---------- Data listing ----------
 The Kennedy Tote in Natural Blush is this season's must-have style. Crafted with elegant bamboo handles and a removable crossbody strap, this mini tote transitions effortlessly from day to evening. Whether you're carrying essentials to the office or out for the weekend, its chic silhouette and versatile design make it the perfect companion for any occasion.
----------
---------- Data listing ----------
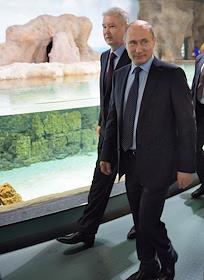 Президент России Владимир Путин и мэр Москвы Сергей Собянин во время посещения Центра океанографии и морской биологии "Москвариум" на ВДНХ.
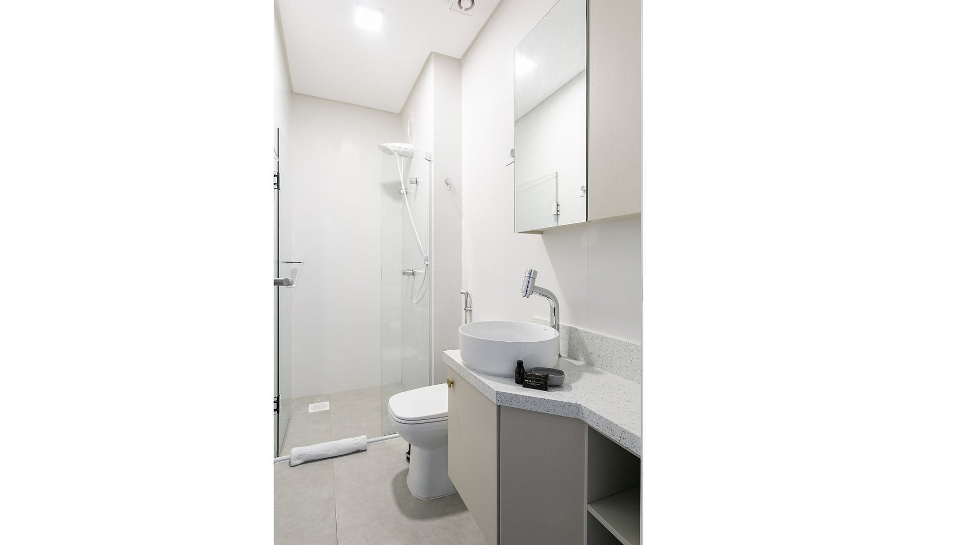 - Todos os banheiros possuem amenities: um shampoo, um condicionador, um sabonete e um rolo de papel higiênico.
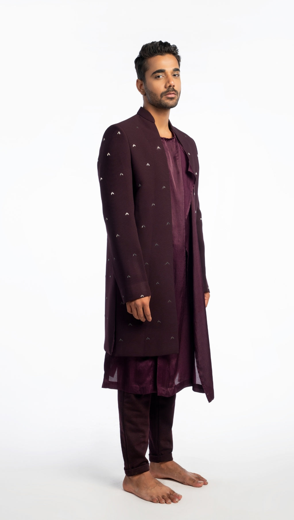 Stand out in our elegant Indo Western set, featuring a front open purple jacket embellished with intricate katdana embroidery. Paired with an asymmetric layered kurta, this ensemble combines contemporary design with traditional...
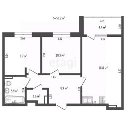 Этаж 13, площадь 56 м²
----------
---------- Data listing ----------
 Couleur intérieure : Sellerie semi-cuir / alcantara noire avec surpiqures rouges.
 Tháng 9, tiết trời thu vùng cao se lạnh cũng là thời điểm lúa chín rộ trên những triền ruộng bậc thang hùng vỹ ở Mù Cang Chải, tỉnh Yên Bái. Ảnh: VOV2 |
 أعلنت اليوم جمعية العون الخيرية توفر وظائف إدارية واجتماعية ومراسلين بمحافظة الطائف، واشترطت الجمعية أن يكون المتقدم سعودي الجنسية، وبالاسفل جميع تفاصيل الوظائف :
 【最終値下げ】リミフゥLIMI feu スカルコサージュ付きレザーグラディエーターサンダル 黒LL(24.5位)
----------
§ **To do**: Copy out the range of lines above starting at the line with "أعلنت اليوم جمعية" and ending at the line with "feu スカルコサージュ付きレザーグラディエーターサンダル 黒LL(24.5位)", exactly and including both.

§ **Exercise solution**:
 أعلنت اليوم جمعية العون الخيرية توفر وظائف إدارية واجتماعية ومراسلين بمحافظة الطائف، واشترطت الجمعية أن يكون المتقدم سعودي الجنسية، وبالاسفل جميع تفاصيل الوظائف :
 【最終値下げ】リミフゥLIMI feu スカルコサージュ付きレザーグラディエーターサンダル 黒LL(24.5位)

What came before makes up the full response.